The equivalent slenderness ratio λ_e [26] and slenderness ratio about the axis parallel to the connected leg λ_aa [27] were significantly different for angles with lengths varying from 0.5 m to 1.5 m. However, as the length increased beyond 1.5 m, the difference between the two slenderness ratios narrowed.

(f)

An understanding of the implication of updated values for constants k₁, k₂, and k₃ pertaining to end connection fixity and the introduction of new parameter K_f on the design strength is not clear in view of the decreased imperfection factor (refer to (a)).

(g)

For a given slenderness ratio, b/t of the connected leg also significantly influences the axial capacity (Table 7 and Table 8).
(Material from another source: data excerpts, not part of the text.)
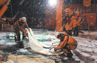 科考隊員們在“雪龍2”號的艉甲板進行海洋調(diào)查準備工作。陳亮宇 攝
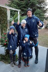 Hier im Bild Jan Landerer mit seinen 3 Fussballern und den neuen Regenjacken, damit Training bei "Wind und Wetter" möglich ist.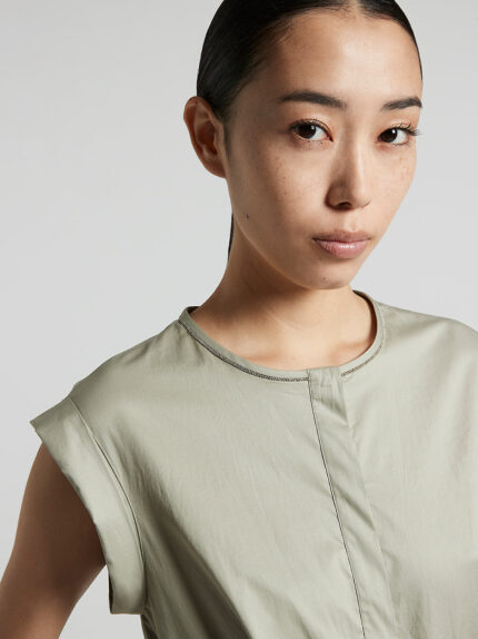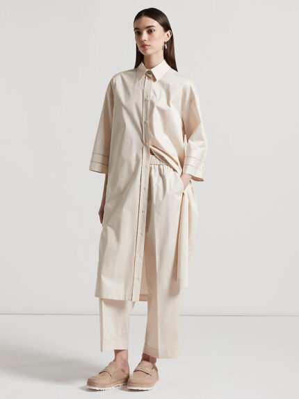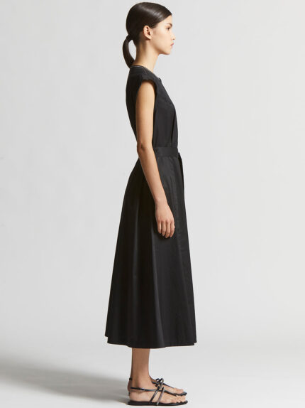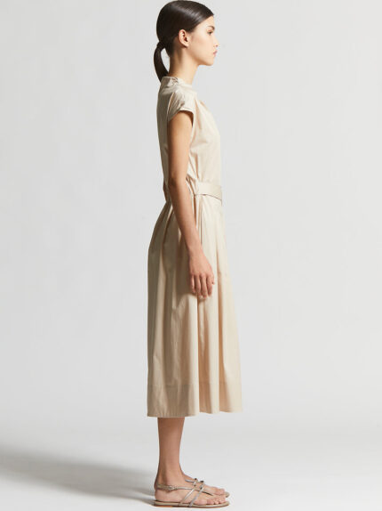 This long dress made of lightweight stretch cotton satin is characterised by its modern and feminine style.The asymmetrical line with cap sleeves gives the garment a modern look, while the crater neck…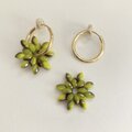 【キミドリ×ブロンズ】チェコガラス製オーナメントチャームの2wayフープピアス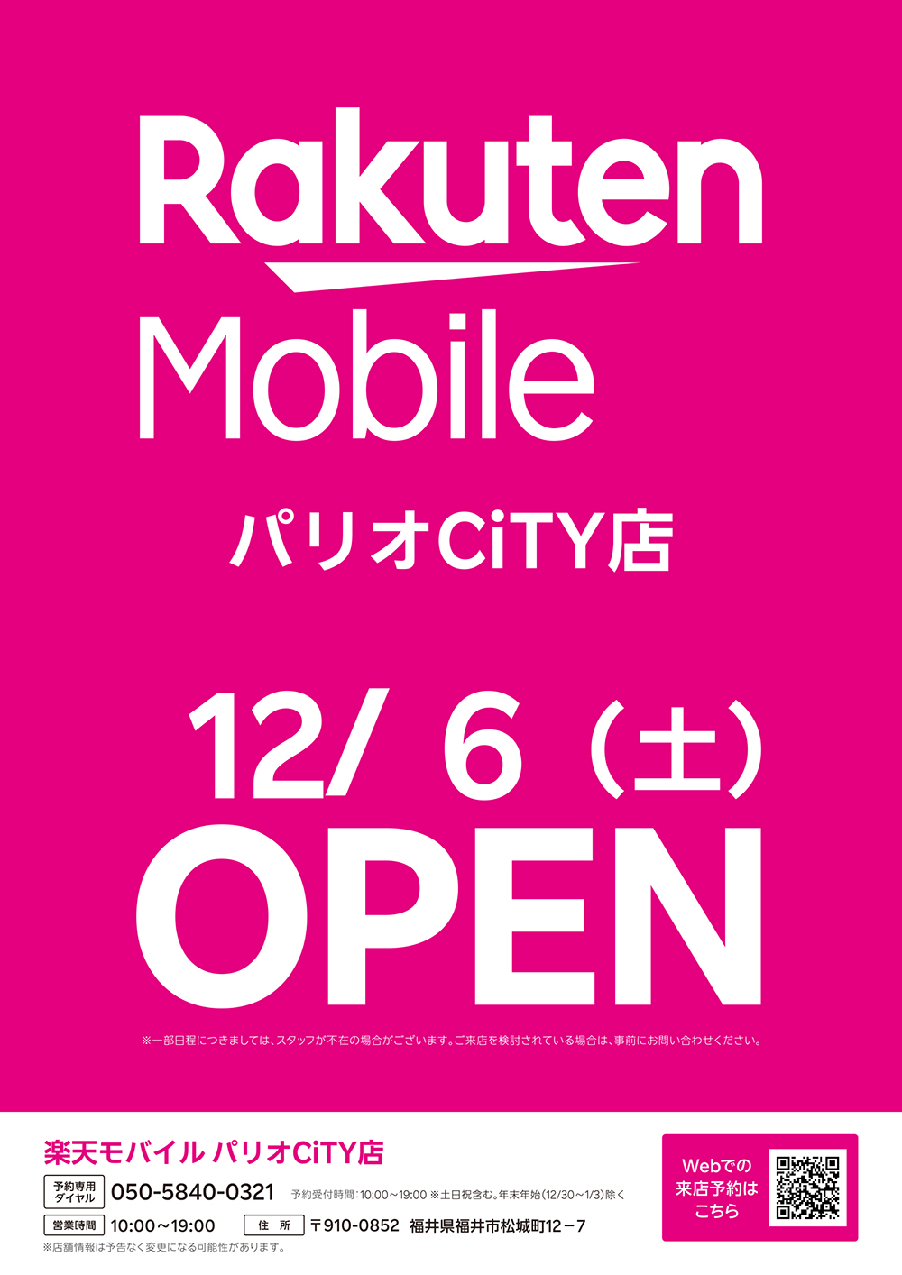 12月6日(土)Rakuten Mobile パリオCiTY店OPEN!使い方に合わせて選べてギガも通話も無制限で最安!最強プラン『最強U-NEKT』など料金プランいろいろ!

Based on the comparison of nominal strengths obtained as per the code provisions and the available test strengths, as presented in Section 6, the following inferences are drawn:

(a)

The nominal strengths obtained as per the latest provisions [27] did not correlate well with the available test strengths (also validated through numerical analysis) [21,22] considered in this study (Table 9, Table 10, Table 11, Table 12, Table 13 and Table 14), though a good agreement was noticed for few cases (for specimens A1, A2, and A3—see Table 11 and Figure 14a).

(b)

For the test data set considered, it is observed that the earlier design provisions [26] agreed very well with the test strengths reported in the literature.

(c)

Although with a limited test data set, the nominal strengths as per earlier provisions [26] were lower than the test strengths for the majority of cases resulting in a safe and conservative design, whereas it was otherwise in the case of nominal strengths obtained as per the latest provisions [27] (see Figure 12, Figure 13, Figure 14, Figure 15 and Figure 16).

8. Conclusions

Eccentrically loaded single angle columns behave complicatedly and require specific design attention. Different international codes of practice construct such members differently. The literature shows that IS 800:2007 design provisions accurately anticipate axial capacity. Recently, IS 800:2007 was amended to include new design provisions for eccentrically loaded single angle compression members. This study presented a brief theoretical backdrop to the behaviour and evaluated the newest design provisions. From the present study, it is concluded the following:

(1)

The latest design provisions resulted in higher axial capacities, which may lead to smaller cross-sectional sizes.

(2)

From the reported results, the latest IS design provisions result in the increase of the design capacity by a maximum of 104.84% (as seen in Table 4) in comparison to the earlier design provisions.

(3)

But on comparison with the considered data available (Table 11, Table 12 and Table 13) in the literature, it was observed that, in general, the latest design provisions over predict the nominal strength greatly, potentially indicating unsafe design.

(4)

However, the latest IS design provisions resulted in very conservative nominal strengths for the one bolt-hinged case (Table 14).

(5)

Hence, it is evident that more extensive experimental, numerical, and theoretical investigations have to be carried out considering all the influencing parameters for the accurate and reliable prediction of the axial capacity of eccentrically loaded single angle columns.